Has Siloam Mission cut programing providing cultural and traditional services to the Indigenous community?

No. In the Fall of 2020, our Spiritual Care Coordinator left the organization. That person was qualified to provide spiritual care for our Indigenous community. Since COVID-19 has prohibited all gatherings since, we have not re-hired that position. However, a new Spiritual Care Supervisor is starting later this month. The recommendations from the Indigenous Education Committee, and conversations with Indigenous leaders, will help guide the direction of the spiritual care program going forward — including bringing in people who are qualified to provide spiritual care for the Indigenous community using our services.

Did Siloam Mission cancel smudging and other Indigenous practices on-site?

No. The organization has official smudging protocols and guidelines which you can download here. The organization has also regularly offered blanket exercises, including with staff, donors and the Board of Directors.

In the recently opened Buhler Centre, we made sure to build a specific room to facilitate smudging — including proper ventilation. In the event that room is being used to accommodate people waiting on their COVID-19 test results, we have been able to accommodate smudging in our Art Room.

Did Siloam Mission forego smudging at certain public events?

Yes. There have been public events where we have decided to forego smudging depending on the audience, the venue and the purpose of the event. This not only applies to smudging, but also to public prayer and other spiritual and cultural traditions. These decisions are in no way meant to diminish the significance of spiritual and cultural rituals. We do, however, use a land acknowledgement at every public event.

What is Siloam Mission doing to ensure it provides culturally competent programing for the Indigenous community?

We acknowledge that concerns have been expressed by Indigenous-led nonprofit organizations and others regarding the best way to provide spiritual care and cultural services.

We acknowledge mistakes have been made. We are beginning collaborative conversations in an effort to walk a path together toward resolution on these important matters. Updates will follow.

We have also undertaken a cultural competency evaluation that is being led by Siloam Mission’s Research and Evaluation Specialist.

What does the cultural competency evaluation include?

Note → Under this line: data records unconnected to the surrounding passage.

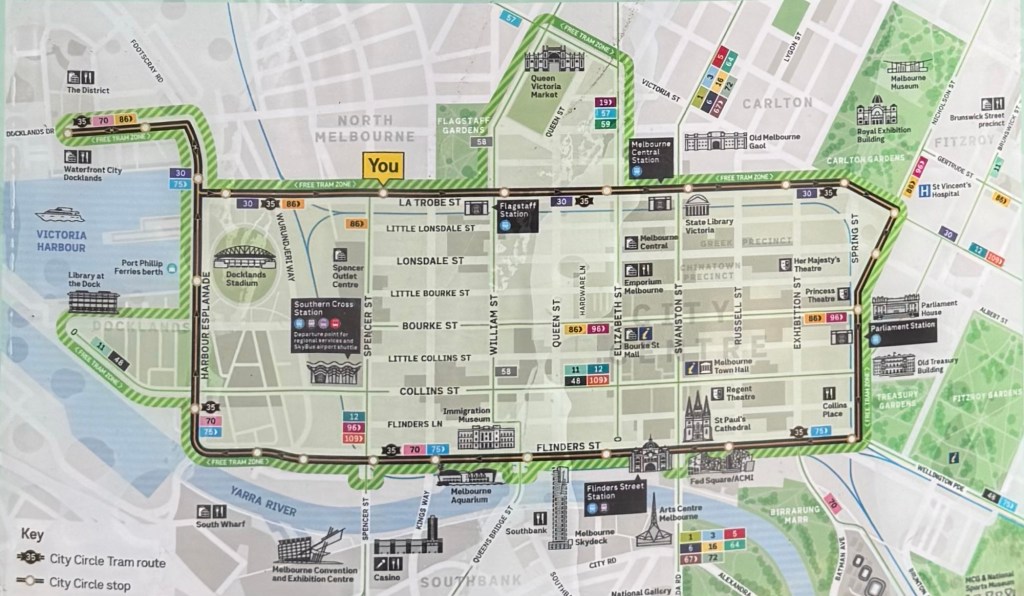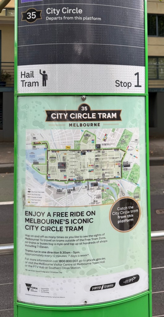 Like Adelaide, where we didn’t end up using it, Melbourne has a free “circle tram” that runs around the city centre and touches on virtually all of the most popular sites for visitors.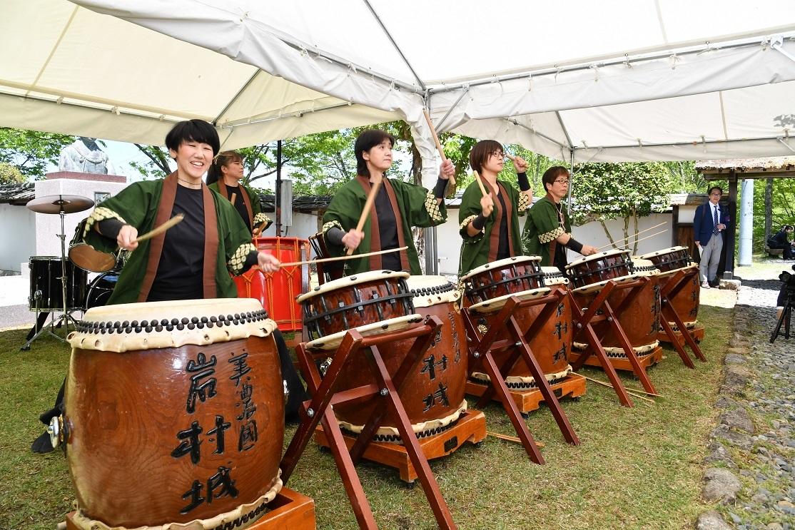 さらに、懇親会が下田歌子勉学所前広場(岐阜県恵那市岩村町)で行われて、アトラクションとして、地元の美濃国女太鼓や岩邑中学校生徒の合唱、恵那南高校ブラスバンド部の演奏が行われました。
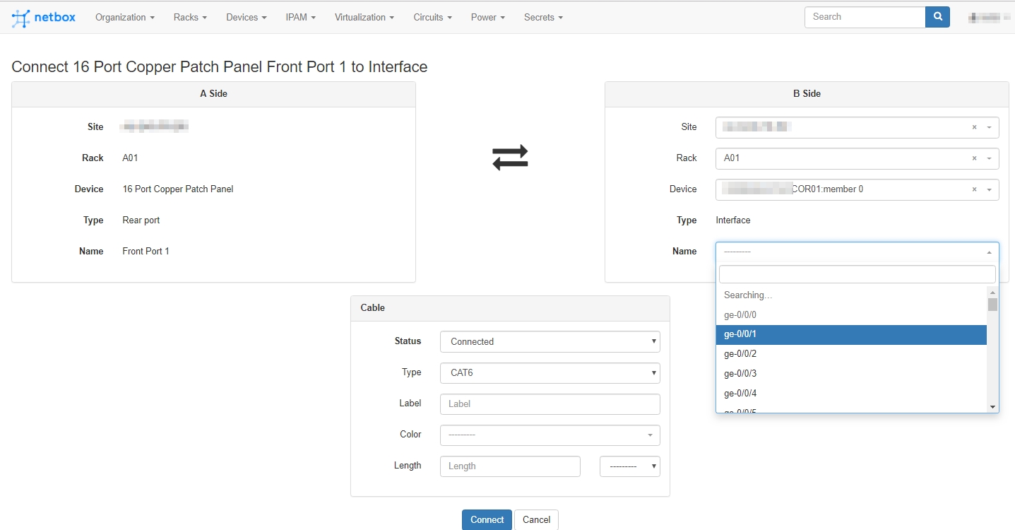 Connection is created, however the error page is displayed. I've tried creating rear port connections first however this still did not produce a clean addition of a link.

The report is a summary and evaluation of the practices at Siloam Mission that are contributing to Reconciliation and cultural competency. This includes what progress has been made, and where there may be room for growth.

A process-based evaluation is being utilized to understand various program and service design and efficiencies in relation to practices at the organization. The overall goal is to create a clear picture for the Board of Directors at Siloam Mission, as to how Reconciliation and Indigenous Cultural safety is, or is not, occurring at the organization. As such guiding questions of the evaluation are as follows:

  • What is occurring at Siloam Mission in terms of Reconciliation, Indigenous Cultural practices, and cultural competency?
  • What could Siloam Mission be doing better to implement reconciliation and cultural competency?
  • How are we keeping track and measuring progress on reconciliation and cultural programming?
  • How are we addressing the needs of our Indigenous community members?

The researcher is conducting interviews with community members, and staff, where they ask specific questions to try to get the required information without introducing researcher bias.

The researcher will then analyze the interviews for common themes and elements, and then analyze the content against key indicators of cultural competency to measure how Siloam Mission specifically is doing.

Will Siloam Mission publish the results and methodology of the cultural competency evaluation?

Yes. After the evaluation is complete, the results and the methodology will be made available to staff and the public.